Careful scientific study is widely considered a better basis for one’s views than anecdote. But anecdotes are more fun, so everyone reads about them anyway. Another virtue of anecdote is its low price. To verify scientifically that vitamin E is good for you might take millions of dollars or literally be impossible. To verify anecdotally that your friend credits vitamin E with some kind of impressive life-altering success requires nothing but a moderate number of epistemically sloppy friends who like to try things. Also some time talking to them. Let’s say a few hundred dollars.
But some free anecdote about your friend’s nutritional revelations is not going to get you far. The really good anecdotes are harder to come by. Here’s a good anecdote:
Bird and Layzell used genetic algorithms to evolve a design for an oscillator, and found that one of the solutions involved repurposing the printed circuit board tracks on the system’s motherboard as a radio, to pick up oscillating signals generated by nearby personal computers.
It vividly makes exactly the point the authors want: AI agents might technically satisfy the tasks they are given, while not doing what their creators expected. It gives the reader a concrete instance of something that might have otherwise seemed unrealistically tied up with control of mythical genies. I have seen this single anecdote used valuably multiple times.
This anecdote was both more expensive than an anecdote about your friend’s success with vitamin E. However it could probably have been much cheaper than a scientific study. It was actually scientific research, but note that the research doesn’t have to be nearly as rigorous or complete for the purpose of making an anecdote about it.
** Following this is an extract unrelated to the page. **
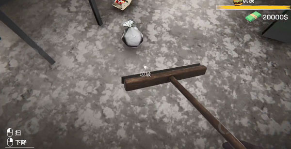 2、在门口的位置会有一个扫把道具,点击使用,之后使用扫把靠近垃圾的地方,点击一下即可将垃圾进行清除。

Bird and Layzell were not trying to make an anecdote at all (as far as I know). They were trying to make genetic algorithms that could produce oscillator designs. It was by pure luck that they produced this useful byproduct.
In a different world, the people doing this study would be the ones who knew there was demand for a nice vivid illustration of this particular idea. They would have thought about what would best paint that picture, and thought of this experiment among a few other things. They would carry them out, looking for one which nicely instantiated the desired idea. The next day they might go out and look for a particularly tragic case where someone waited too long because they were afraid, or bridge that collapsed because an engineer made a particular error.
Could we have a market for anecdotes? I claim anecdotes could be created intentionally, separately from the rest of writing, because they are often modular – so might be outsourced – and are used in multiple pieces of writing – so are especially valuable. They are more valuable again because they are bits that people frequently remember from writing. And arguably changing the image a person associates with an idea can have an especially powerful effect on their view of it. Anecdotes are also especially good for outsourcing if thinking good abstract thoughts is not that well correlated with knowing the best stories to illustrate them.
Do we already have such a market? Not that I know of. If we do, please tell me; I want to buy some anecdotes. If not, why not?
At their worst, this is what case studies are.
As far as I can tell, unexpected discoveries like Bird and Layzell’s were a major constituent of what was seen as good science until fairly recently. Now, when someone like Ellen Heber-Katz makes them, polite society looks away :-(
It seems to me that the market demand for any given anecdote would be small compared to the cost of production. Each anecdote is only useful until it becomes a cliche, and the author’s willingness to pay isn’t that great. Bird and Layzell’s anecdote might be cited a hundred times, but if each author is only willing to spend a hundred dollars, or at most five hundred, to use it rather than some other anecdote (before the transaction costs associated with making the purchase, finding the desired anecdote, confirming it, which would be more of a problem if it was being sold, etc) I don’t see that as very profitable.
Isn’t this what the media is? If you want anecdotes about some field, follow relevant media in that field (blogs, sections/tags of newspapers or specific programs that discuss that field).
I don’t think it’s possible to literally copyright an anecdote. You can own copyright on a particular text describing the anecdote but I doubt that many countries have a law forbidding someone to retell it.
It seems you are suggesting a market for anecdotes could be a good thing. But such a market would destroy the usefulness of anecdotes.
Bird-Layzell’s anecdote is so potent precisely because they did not seek one – so the fact that they found one proves a certain point. But if they were actively seeking an anecdote, finding one would serve as very little evidence of whatever they were trying to prove. They can find an anecdote for anything if they seek hard enough – a form of selection bias, or an argument starting with the bottom line.